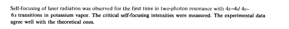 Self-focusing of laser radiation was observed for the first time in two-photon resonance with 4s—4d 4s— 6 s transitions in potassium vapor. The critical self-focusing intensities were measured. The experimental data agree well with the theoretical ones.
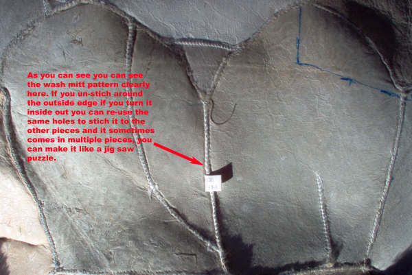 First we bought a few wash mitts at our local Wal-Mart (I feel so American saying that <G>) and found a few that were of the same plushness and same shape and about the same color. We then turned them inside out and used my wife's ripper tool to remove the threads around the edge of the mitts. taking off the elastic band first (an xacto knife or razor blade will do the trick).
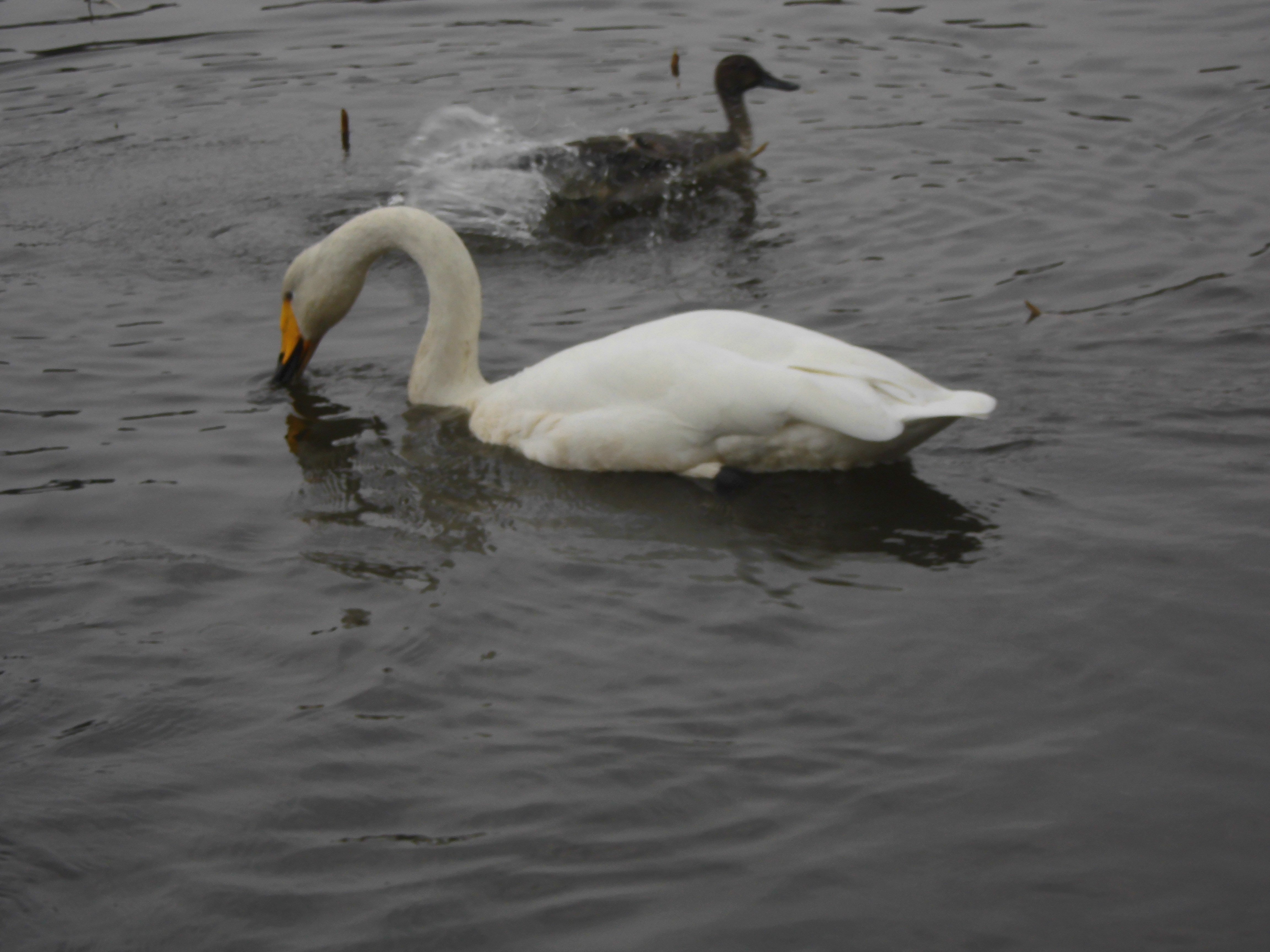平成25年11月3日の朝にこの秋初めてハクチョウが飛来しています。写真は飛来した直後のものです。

---

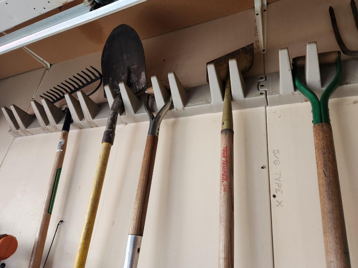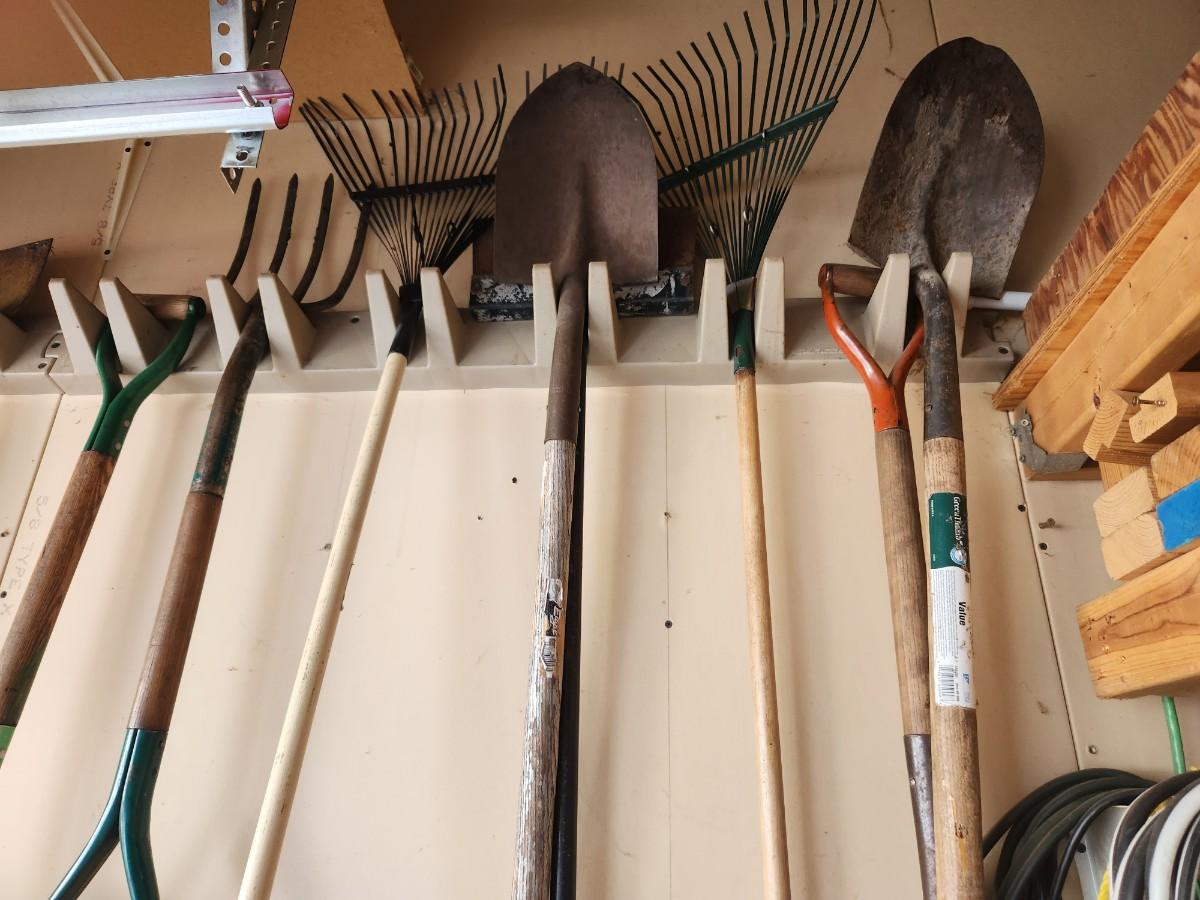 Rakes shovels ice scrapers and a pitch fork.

**WHAT THE TASK ASKS**
Although the records hold pictures, the copy must not; give again exactly the lines from the one with "Self-focusing of laser" through the one with "平成25年11月3日の朝にこ".

**WRITTEN RESPONSE**
 Self-focusing of laser radiation was observed for the first time in two-photon resonance with 4s—4d 4s— 6 s transitions in potassium vapor. The critical self-focusing intensities were measured. The experimental data agree well with the theoretical ones.
 First we bought a few wash mitts at our local Wal-Mart (I feel so American saying that <G>) and found a few that were of the same plushness and same shape and about the same color. We then turned them inside out and used my wife's ripper tool to remove the threads around the edge of the mitts. taking off the elastic band first (an xacto knife or razor blade will do the trick).
平成25年11月3日の朝にこの秋初めてハクチョウが飛来しています。写真は飛来した直後のものです。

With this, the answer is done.